(Information supplied)
/---

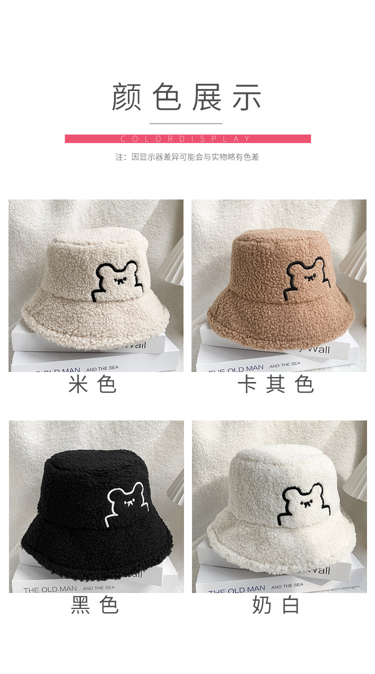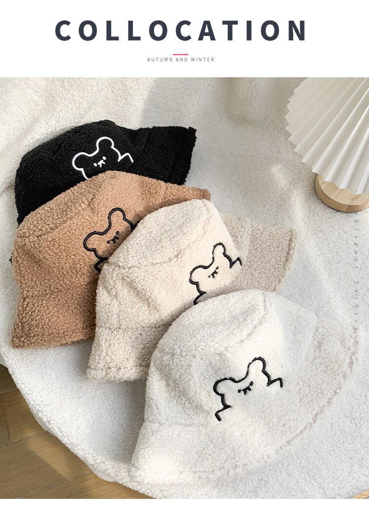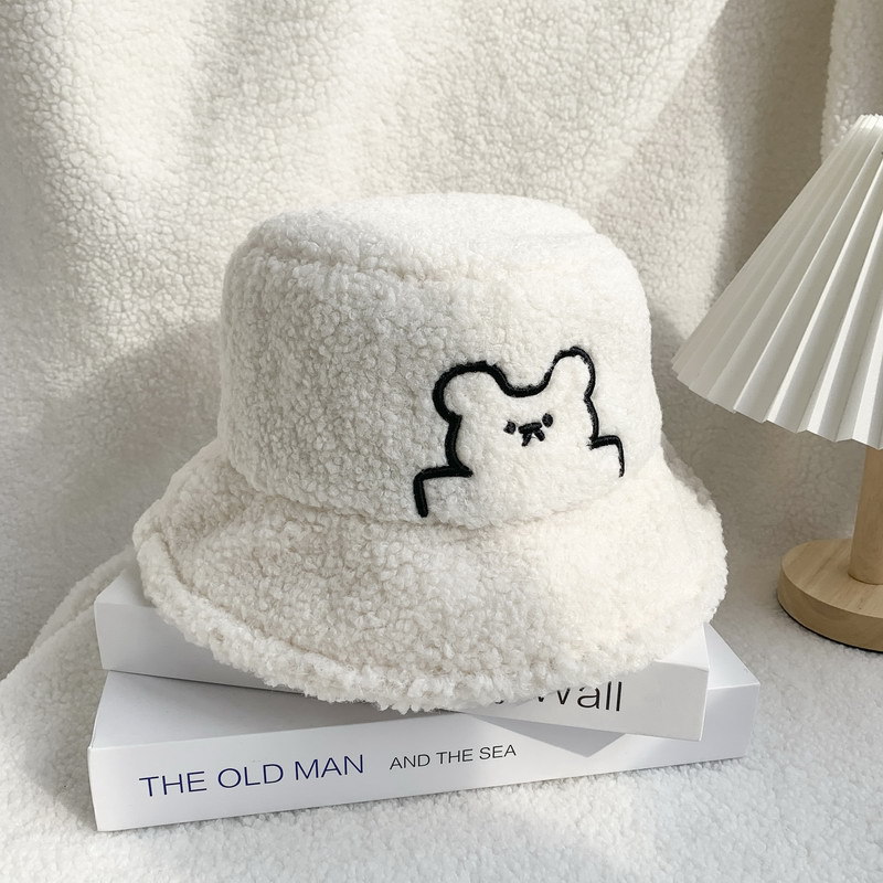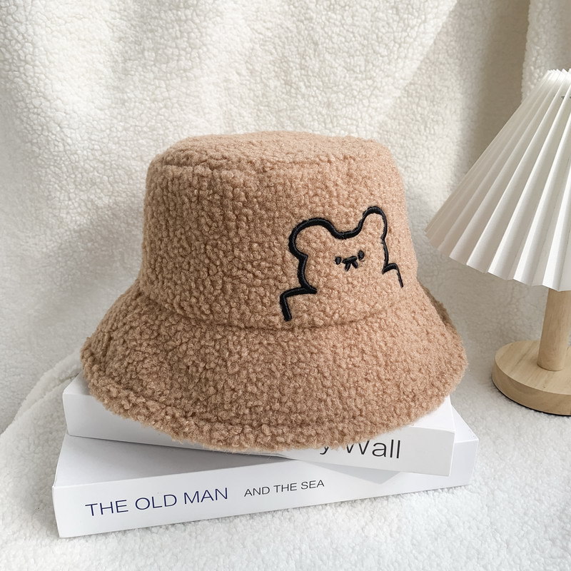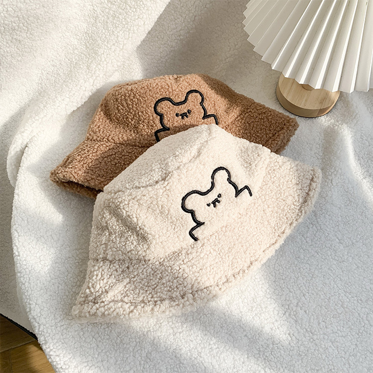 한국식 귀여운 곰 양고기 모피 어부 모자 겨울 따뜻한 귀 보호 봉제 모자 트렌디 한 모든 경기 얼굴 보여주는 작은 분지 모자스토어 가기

\---
/---

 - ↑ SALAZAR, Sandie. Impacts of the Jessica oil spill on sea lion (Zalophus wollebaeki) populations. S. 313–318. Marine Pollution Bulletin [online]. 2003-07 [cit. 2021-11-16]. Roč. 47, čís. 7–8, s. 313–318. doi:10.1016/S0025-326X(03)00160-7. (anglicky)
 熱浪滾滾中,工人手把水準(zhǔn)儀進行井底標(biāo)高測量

\---

(Description of the task) Print, from the entries above, the line with "- ↑ SALAZAR, Sandie.", the line with "熱浪滾滾中,工人手把水準(zhǔn)儀進行井底標(biāo)高測量" and all lines between them, exactly and with nothing else.

(Task answer)
 - ↑ SALAZAR, Sandie. Impacts of the Jessica oil spill on sea lion (Zalophus wollebaeki) populations. S. 313–318. Marine Pollution Bulletin [online]. 2003-07 [cit. 2021-11-16]. Roč. 47, čís. 7–8, s. 313–318. doi:10.1016/S0025-326X(03)00160-7. (anglicky)
 熱浪滾滾中,工人手把水準(zhǔn)儀進行井底標(biāo)高測量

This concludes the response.